The investment patterns and funding mechanisms adopted at national level should thus derive from co-constructed scenarios making due case of the various, context-dependent opportunities that can be harnessed at sub-national levels, embarking an increasingly diverse constellation of energy players. No doubt this will trigger a Copernican revolution in the way energy systems have traditionally been designed but it also holds the promise of putting Europe at the forefront of a locally-rooted and citizen-powered industrial renaissance.
The rationale and recommendations underpinning this “think local first” logic should find an echo within the grand, high stake project of the Energy Union.

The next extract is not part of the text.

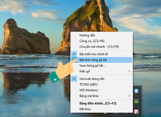Step 6: Right-click on the Unikey icon and select enable the shortcut typing feature to start using shortcuts.
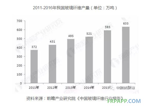 產量方面,數據顯示,全球玻纖產量從2008年的492萬噸增長至2016年的875萬噸,當中中國是推動全球玻璃纖維產量增長的主要動力。2016年中國玻璃纖維產量為633萬噸占全球玻纖產量的72.34%。

EU countries should not be required to chart their energy future based on outdated logics and models. The Commission’s guidance to Member States on NECPs aims to provide direction on “streamlined and integrated national energy and climate plans” from the basis of “existing building blocks, such as national climate programmes, national plans for renewable energy and energy efficiency.” Nowhere are references made to the local Sustainable Energy Action Plans (SEAPs) of the EU Covenant of Mayors movement nor to the new architecture of players that will have to be empowered to fully unleash the energy transition. This calls for a serious reality check: if there is one conclusion that can be drawn out of the COP21, it is that nation states alone will not manage to bridge the climate gap. Local authorities will have to provide the missing link. The Intergovernmental Panel on Climate Change is even considering the production of a special report on cities, as an official acknowledgment of how important and indispensable they have become to the climate process.
Through their engagement by the thousands in the Covenant of Mayors – and their ambitious Paris commitments – local authorities have taken wide-ranging action demonstrating the transformative potential they can bring to the new energy system. But their room for manoeuvre is still limited by national constraints or a lack of adequate competences.

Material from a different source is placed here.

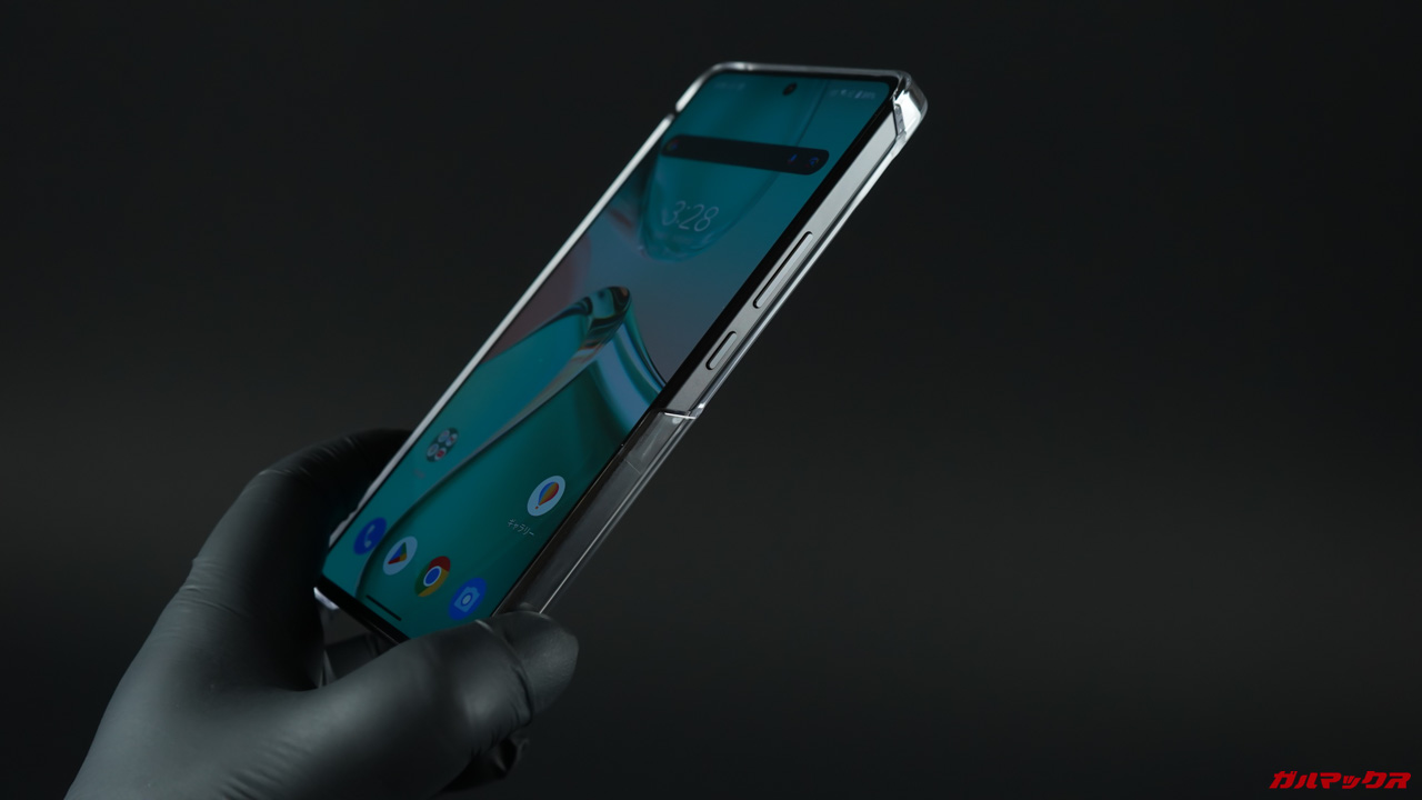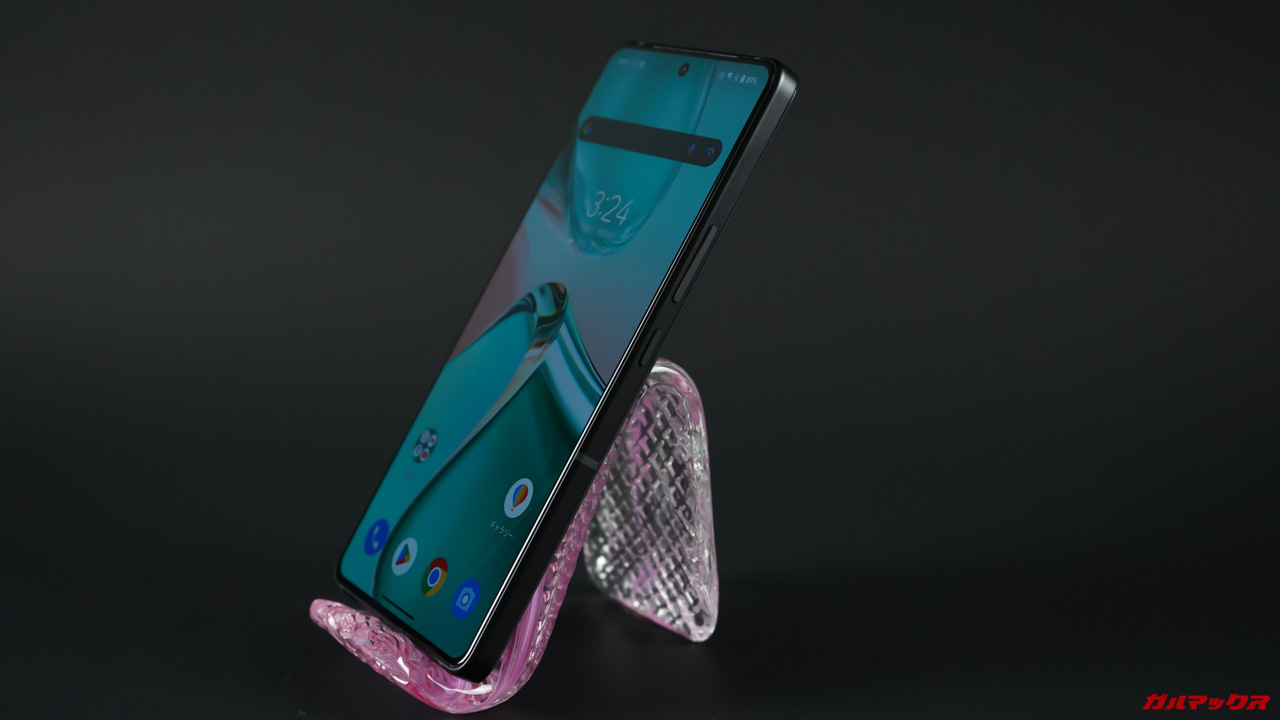 全体的なサイズ感は大型といった印象が強く、ディスプレイサイズは6.78インチで重量は220gとズッシリしているので大きなスマホが好き!という人向けかと。このあたりは好みで分かれる部分なので購入前にサイズが合うモデルか確認しておきましょう。

When policy decisions were exclusively oriented towards centralised energy supply, it was more legitimate to rely on a small number of decision makers and industry experts to influence a country’s energy strategy. However, a policy based on demand management and decentralised energy production ought to bring on board a larger number of decision makers, at all levels of government. Pointing out shortcomings in the UK energy policy, Stephen Devlin from the New Economics Foundation wrote in a recent news piece that “the [UK] government prefers big, centrally-directed, silver-bullet solutions to problems, instead of more complex local ones. Big decisions are too often taken in secrecy by technocrats with little accountability. People affected by change are too often not trusted to be a part of the solution.” This situation, which is reflected across numerous Member States, is no longer sustainable and new opportunities for more participatory and democratic methods need to be embraced all across the European Union.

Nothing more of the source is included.